DATA FOR REVIEW »
§ §

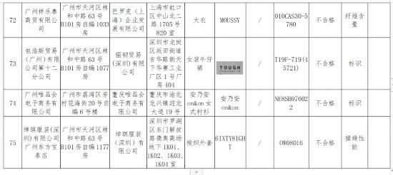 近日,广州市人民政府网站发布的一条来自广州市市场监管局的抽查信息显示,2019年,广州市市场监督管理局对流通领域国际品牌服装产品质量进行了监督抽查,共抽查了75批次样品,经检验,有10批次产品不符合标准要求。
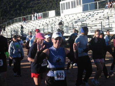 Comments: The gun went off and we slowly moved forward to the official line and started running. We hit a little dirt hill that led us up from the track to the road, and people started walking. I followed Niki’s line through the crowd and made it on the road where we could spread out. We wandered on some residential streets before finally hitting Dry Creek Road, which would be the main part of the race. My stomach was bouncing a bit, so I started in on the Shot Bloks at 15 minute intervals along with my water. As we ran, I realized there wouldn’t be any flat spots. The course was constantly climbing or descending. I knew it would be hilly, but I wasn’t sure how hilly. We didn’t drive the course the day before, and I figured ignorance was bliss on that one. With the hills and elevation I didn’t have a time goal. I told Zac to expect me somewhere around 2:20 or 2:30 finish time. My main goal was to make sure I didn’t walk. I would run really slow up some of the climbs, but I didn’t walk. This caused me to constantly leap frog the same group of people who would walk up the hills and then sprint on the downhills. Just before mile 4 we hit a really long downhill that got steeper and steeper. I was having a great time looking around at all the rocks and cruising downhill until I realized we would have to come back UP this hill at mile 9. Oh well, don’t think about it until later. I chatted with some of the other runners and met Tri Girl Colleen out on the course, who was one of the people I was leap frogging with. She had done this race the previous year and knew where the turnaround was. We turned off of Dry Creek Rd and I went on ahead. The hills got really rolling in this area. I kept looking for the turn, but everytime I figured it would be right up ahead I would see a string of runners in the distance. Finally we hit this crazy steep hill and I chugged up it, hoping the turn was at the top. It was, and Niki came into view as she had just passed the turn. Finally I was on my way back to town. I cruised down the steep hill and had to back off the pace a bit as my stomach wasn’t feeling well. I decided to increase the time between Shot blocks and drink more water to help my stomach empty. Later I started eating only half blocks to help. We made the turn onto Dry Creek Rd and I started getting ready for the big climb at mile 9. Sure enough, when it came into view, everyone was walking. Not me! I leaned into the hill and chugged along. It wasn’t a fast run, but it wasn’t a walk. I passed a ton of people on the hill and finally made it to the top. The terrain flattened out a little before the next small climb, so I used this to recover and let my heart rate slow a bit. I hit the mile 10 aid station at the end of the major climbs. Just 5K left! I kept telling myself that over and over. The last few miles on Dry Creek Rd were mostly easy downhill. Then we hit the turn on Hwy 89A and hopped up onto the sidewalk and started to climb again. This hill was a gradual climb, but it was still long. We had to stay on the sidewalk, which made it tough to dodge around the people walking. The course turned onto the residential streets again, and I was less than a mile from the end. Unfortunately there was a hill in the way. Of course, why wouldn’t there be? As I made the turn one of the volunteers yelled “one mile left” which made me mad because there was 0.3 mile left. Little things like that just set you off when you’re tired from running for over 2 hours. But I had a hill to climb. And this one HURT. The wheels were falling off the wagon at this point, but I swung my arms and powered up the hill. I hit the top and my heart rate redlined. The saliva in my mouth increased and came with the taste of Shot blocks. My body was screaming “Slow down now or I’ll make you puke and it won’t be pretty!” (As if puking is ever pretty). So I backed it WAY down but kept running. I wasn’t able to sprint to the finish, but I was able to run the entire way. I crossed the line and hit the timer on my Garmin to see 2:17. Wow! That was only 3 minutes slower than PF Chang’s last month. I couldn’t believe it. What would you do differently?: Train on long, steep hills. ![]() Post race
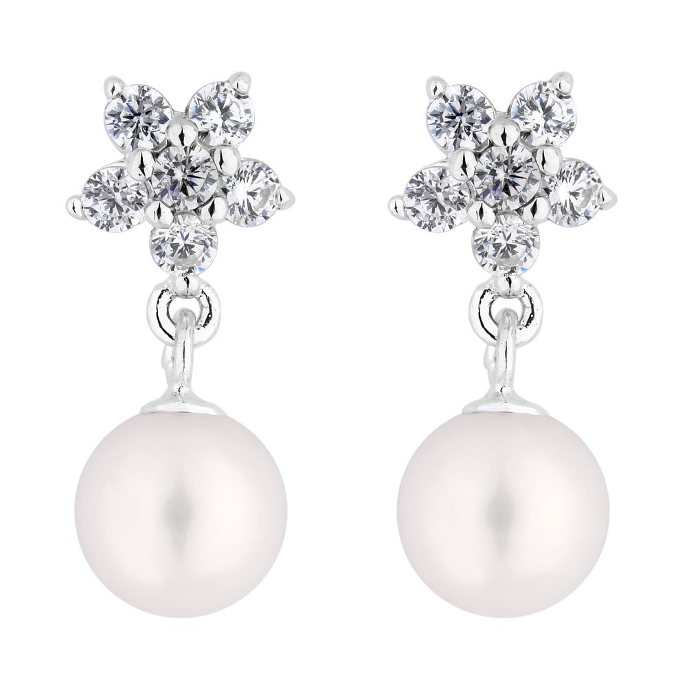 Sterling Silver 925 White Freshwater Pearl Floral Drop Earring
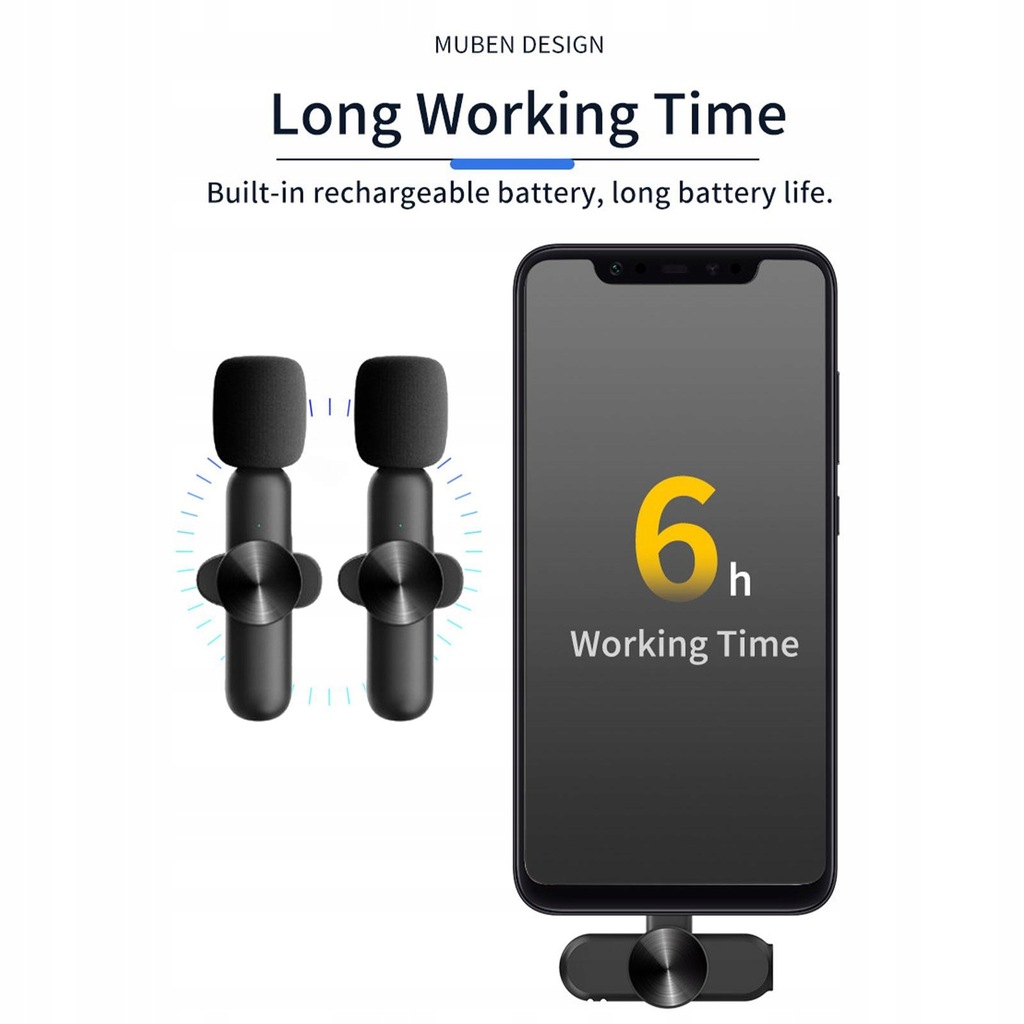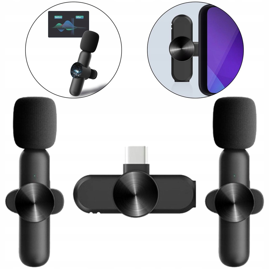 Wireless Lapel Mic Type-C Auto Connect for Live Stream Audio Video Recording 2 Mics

§ §

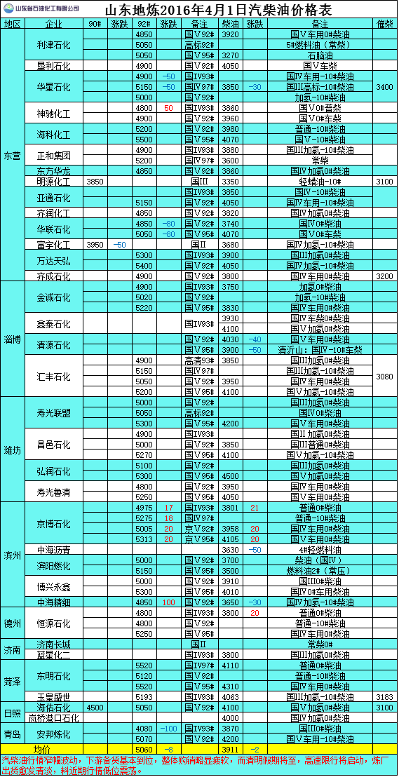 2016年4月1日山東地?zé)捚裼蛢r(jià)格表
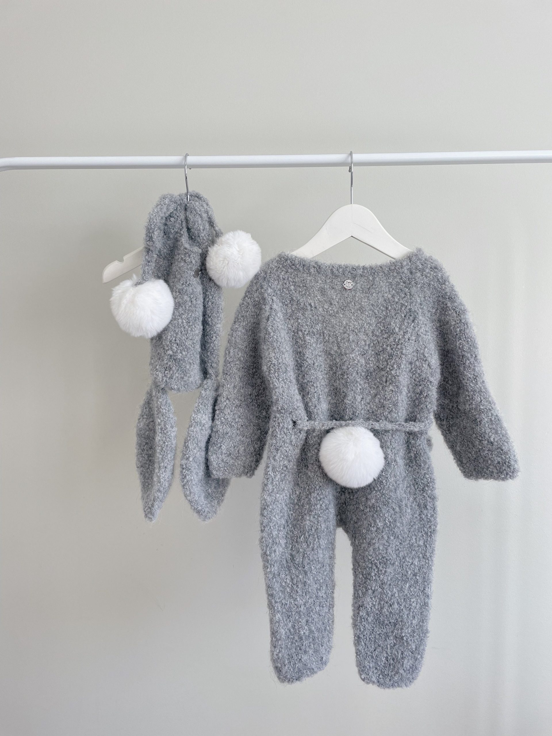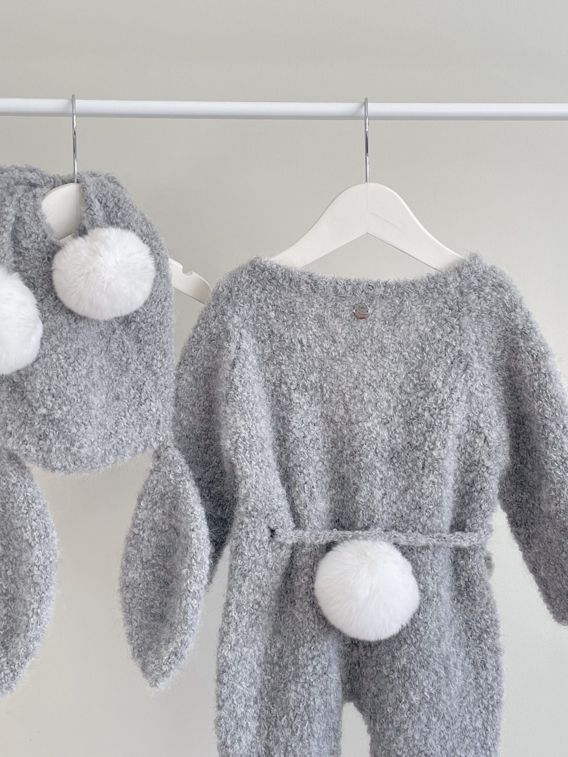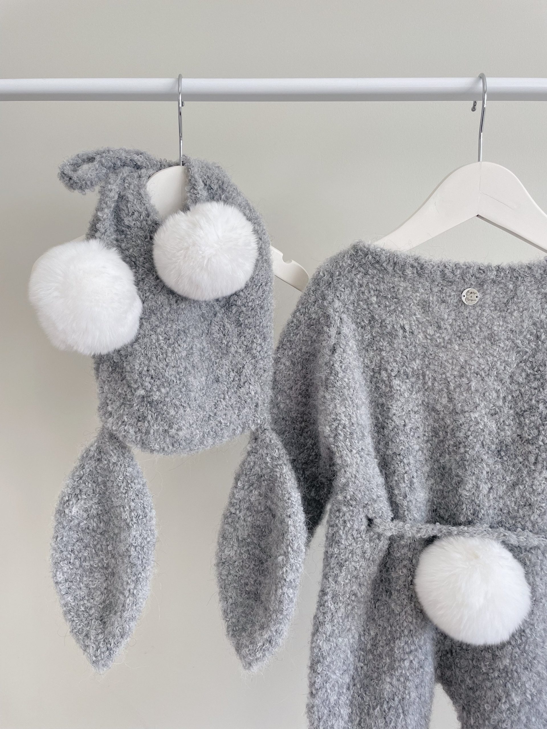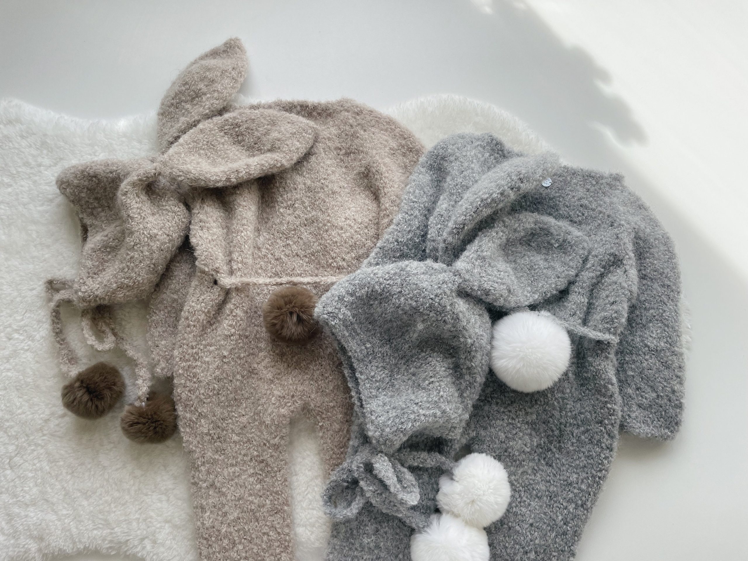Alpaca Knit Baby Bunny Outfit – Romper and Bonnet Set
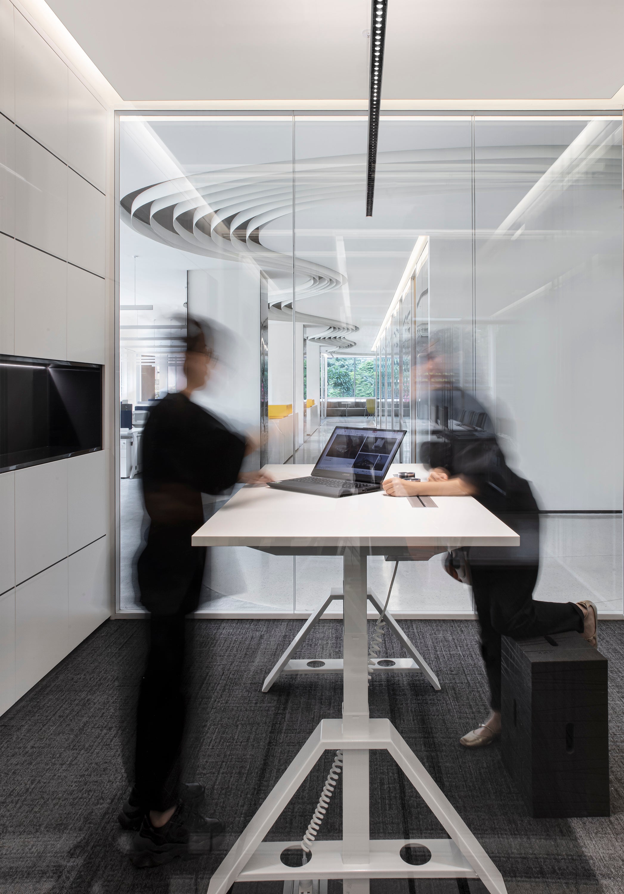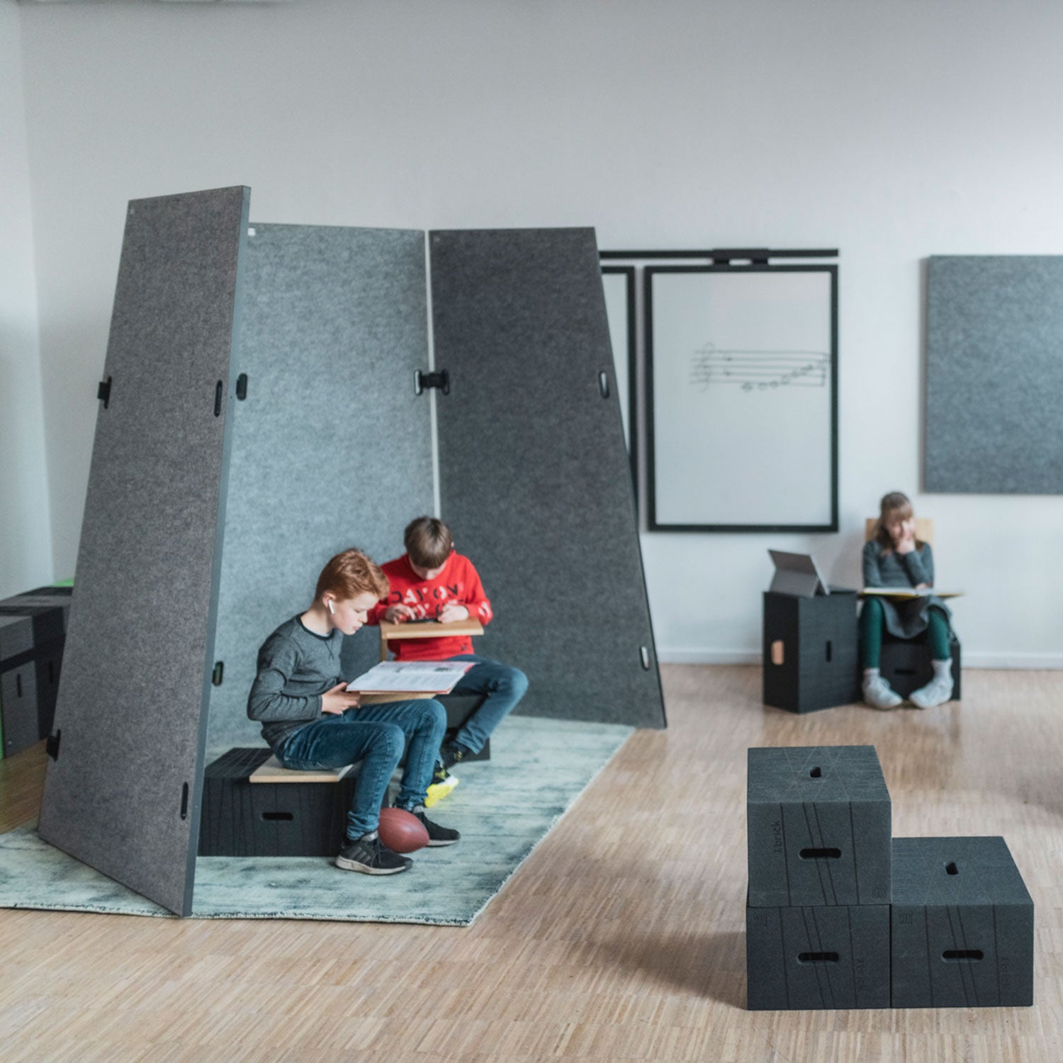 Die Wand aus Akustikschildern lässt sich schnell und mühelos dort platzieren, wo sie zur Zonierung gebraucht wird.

§ §

The lines above starting at the one that holds "Sterling Silver 925" and ending at the one that holds "Wireless Lapel Mic" are to be written out exactly, ends included, and no pictures are to be copied.

 Sterling Silver 925 White Freshwater Pearl Floral Drop Earring
 Wireless Lapel Mic Type-C Auto Connect for Live Stream Audio Video Recording 2 Mics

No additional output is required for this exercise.